A direct attack on California’s health care system:

  • Massive coverage losses: An estimated 2.5 million Medi-Cal enrollees and up to 2.6 million Covered California participants will lose coverage.
  • Making health care less affordable: The bill imposes new $35 copays per service on the Medicaid expansion population starting in 2028, a barrier to care for low-income patients. By allowing the ACA premium tax credits to expire, nearly 2 million face premium hikes of up to 66%, making coverage unaffordable for many.  
  • Devastating provider tax cuts and payment caps: The bill slashes as much as $128 billion from California’s health care system over 10 years by cutting provider taxes and capping state-directed payments. These cuts are expected to reduce hospital and physician payment rates and force service reductions or closures.
  • Uncompensated care surge: With fewer patients insured, California’s hospitals and physicians  are expected to face $9.5 billion in new uncompensated care costs over the next decade.
  • Economic consequences: Health system contractions are projected to eliminate 217,000 California health care jobs, reduce economic output by $37 billion, and cut $1.7 billion from state and local tax revenues.
  • Burdensome requirements: The law imposes 80-hour monthly work, school, or community service requirements on many adult Medicaid enrollees, with complex paperwork and reporting.

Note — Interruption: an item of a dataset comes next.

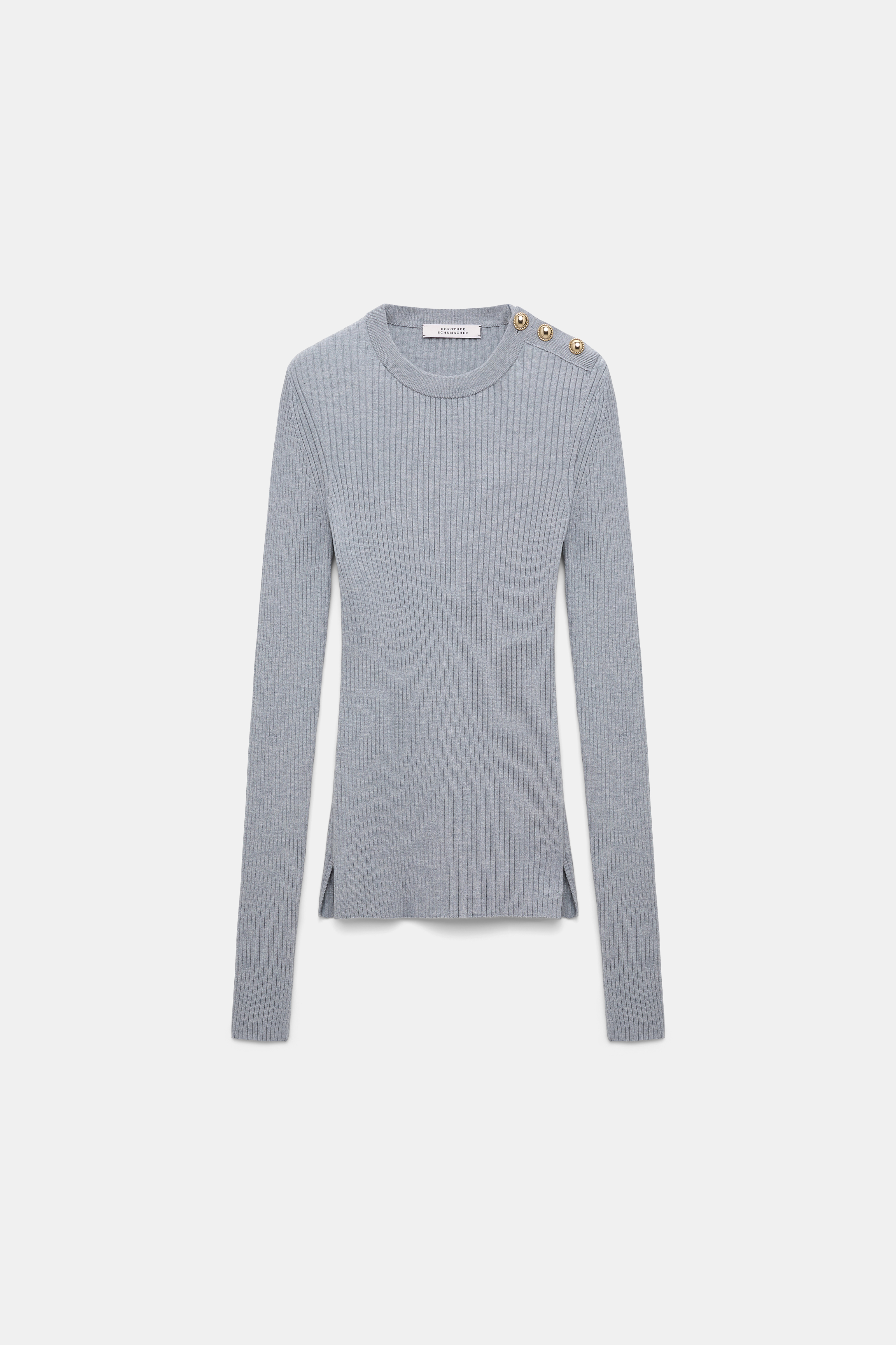 The round neck pullover is made from a stretchy ribbed wool-silk blend and has gold-tone buttons on one shoulder.

This administrative red tape could cause more than 4.8 million otherwise eligible adults to lose coverage nationwide.
  • Planned Parenthood defunding: One-year Medicaid defunding of Planned Parenthood will strip $305 million from California and threaten more than 80% of the state’s 1.2 million annual patient visits to Planned Parenthood clinics.
  • Student loan cuts: The bill also imposes multiple cuts on student loan programs, including capping medical school government borrowing at $200,000, which will create barriers for those wanting to attend medical school and exacerbate existing physician workforce shortages. (The provision that eliminated Public Service Loan Forgiveness for hours worked during a medical residency or internship was removed.)

Although the law includes a temporary 2.5% Medicare physician payment increase in 2026, CMA warns that it does not address the structural underfunding of physician services and is dwarfed by the broader damage to health care access. The bill also triggers an additional 2% Medicare sequestration cut starting in 2026.

CMA will not back down. We will continue fighting to reverse the damage of this law and to protect access to care for all Californians. Our health care system – and the patients and communities it serves – cannot withstand these kinds of short-sighted, catastrophic  attacks. CMA thanks the physician advocates across the state whose powerful voices helped lead this fight. We look forward to working together in the months ahead to mitigate the harm of this law and continue advancing equitable, patient-centered health care in California.